IPFS Cluster configuration
Configure the observations
section in the service.json
file as follows:
{
"metrics": {
"enable_stats": true,
"prometheus_endpoint": "/ip4/0.0.0.0/tcp/8888",
"reporting_interval": "2s"
},
"tracing": {
"enable_tracing": true,
"jaeger_agent_endpoint": "/ip4/0.0.0.0/udp/6831",
"sampling_prob": 0.3,
"service_name": "cluster-daemon"
}
}
For local development tracing, it is advised to change the observations.tracing.sampling_prob
to 1
, so that every action in the system is recorded and sent to Jaeger.
Running the cluster peer with the configuration above should provide an endpoint for Prometheus to collect metrics and will push traces to Jaeger.
Once cluster peer has started, go to http://localhost:9090/targets to confirm that Prometheus has been able to beginning scraping metrics from IPFS Cluster.
To confirm that tracing is functioning correctly, we will add a file and pin to IPFS Cluster in one step by using the IPFS Cluster add
command and then search for its trace in Jaeger.
$ echo 'test tracing file' > test.file
$ ipfs-cluster-ctl add test.file
Go to https://localhost:16686 and you should see a trace, it may be labelled <trace-without-root-span>
due to an issue with how Jaeger creates/determines root spans, but all the information is still inside. If there is nothing there, give it sometime to flush the traces to the Jaeger Collector as it isn’t instantaneous.

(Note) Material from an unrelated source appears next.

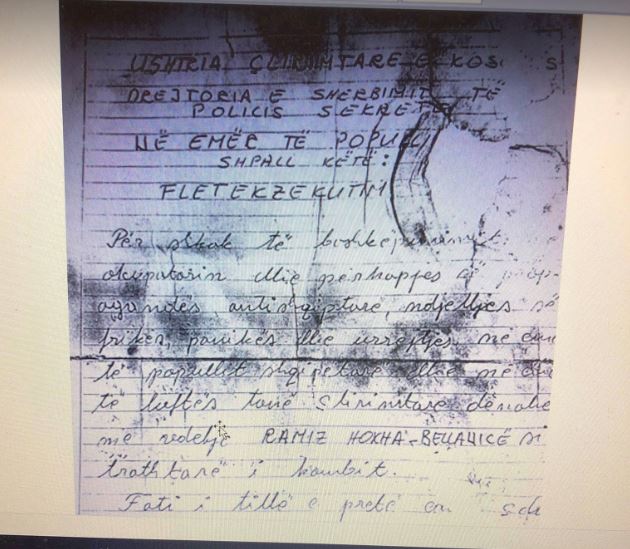 “Ushtria Çlirimtare e Kosovës, Drejtoria e Shërbimit të Policisë Sekrete, në emër të popullit shpall këtë fletëekzekutim: për shkak të bashkëpunimit me okupatorin, ndjelljes së frikës, panikës dhe urrejtjes, në emër të popullit shqiptar dhe në emër të luftës tonë çlirimtare dënohet me vdekje Ramiz Hoxha – Bellanicë si tradhtar i kombit. Fati i tillë do t’a pret çdo tradhtar tjetër”, shkruan në fletë ekzekutimin që i ishte lënë, në kufomën e Ramiz Hoxhës, më 2 tetor 1998.

After having run a few commands to get some traces, it is a good time to go check out the graph page of Prometheus, which is prefilled with a histogram of the request latencies of the gorpc
calls between IPFS Cluster components. There are plenty of other metrics configured for collection and they can be found in the drop-down next to the Execute
button.
Hopefully, this tooling enables you to better understand how IPFS Cluster operates and performs.